I am a firm believer of the goodness of natural whole foods. So when I refer to reducing your sugar intake it refers to only reducing your added sugar intake and not the natural sugars present in fruits and vegetables.
WHO recommends adults and children to reduce their intake to less than 10% of their daily energy intake. That roughly translates to about 38gm (9 teaspoons) for men, 25g (6 teaspoons) for women and 12-25g (3-6 teaspoons) for children per day. If you are saying to yourself now that you don’t really consume 8 teaspoons of sugar, think again. That can of soda that you had the other day has 40gm of sugar (that’s about 10 teaspoons), thats about twice the amount recommended for women and children. A bottle of Ice tea has 26g of sugar.
You can read about the negative effects of added sugar on your health here. The key to reducing sugar in your diet is by reducing the amount of added sugar that you consume, sometimes without even knowing. Below are 7 tips to reduce your added sugar intake
1. Avoid packaged products as much as possible
The number one tip I have to reduce added sugar intake is to reduce buying packaged products. Added sugar is hiding in 74% of packaged foods. Most of us think that added sugar is present only in desserts like cakes, cookies or muffins, but its also found in many savory products that you find in your grocery store like cereals, pasta sauce, bread, etc. Even products which are promoted and labeled as ‘healthy’ have a good amount of added sugar in them. Avoiding packaged products (or reducing, since I know its really hard to totally avoid packaged products these days) is one of the best things you can do for your health.

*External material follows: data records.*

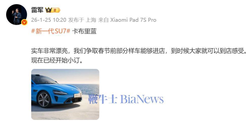 1月7日,小米汽车官宣新一代SU7,预计2026年4月上市。
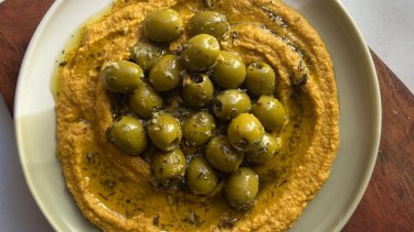 Hummus de zanahorias especiadas con aceitunas aderezadas
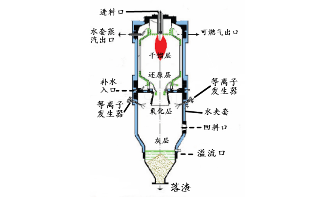 等離子氣化爐中產(chǎn)生的等離子體,由等離子火炬采用380V交流電產(chǎn)生。等離子體的發(fā)生裝置功率在5kW~300kW,溫度可達(dá)4000℃~7000℃,射流速度超過(guò)200m/s,工作氣體為氮?dú)狻⒖諝狻錃獾取T诟邚?qiáng)度熱源下,基本粒子的活動(dòng)能量遠(yuǎn)大于任何分子間化學(xué)鍵的作用,物質(zhì)的微觀運(yùn)動(dòng)以原子熱運(yùn)動(dòng)為主,原有物質(zhì)被打碎為原子物質(zhì),以破壞有害成分或使其喪失活力,從而將復(fù)雜的物質(zhì)轉(zhuǎn)化為簡(jiǎn)單的無(wú)害物。

2. Read labels on processed food
Tip number 2 is closely related to tip 1, since we can’t really avoid all packaged products its good to read the labels before buying so that we make well informed decisions. If you find sugar mentioned within the 1st 5 ingredients of that product that means its high in sugar. A rough indication would be that anything more than 10gm per 100gm of the products means thats its high in sugar. Now, the confusing part is that sugar comes with so many names. There are 61 names for added sugar in food labels. Some of the most common ones you should look for are:
- Anything ending with sugar of course (castor sugar, brown sugar, coconut palm sugar, date sugar, grape sugar)
- Ending with syrup (Corn syrup, golden syrup, malt syrup, rice syrup)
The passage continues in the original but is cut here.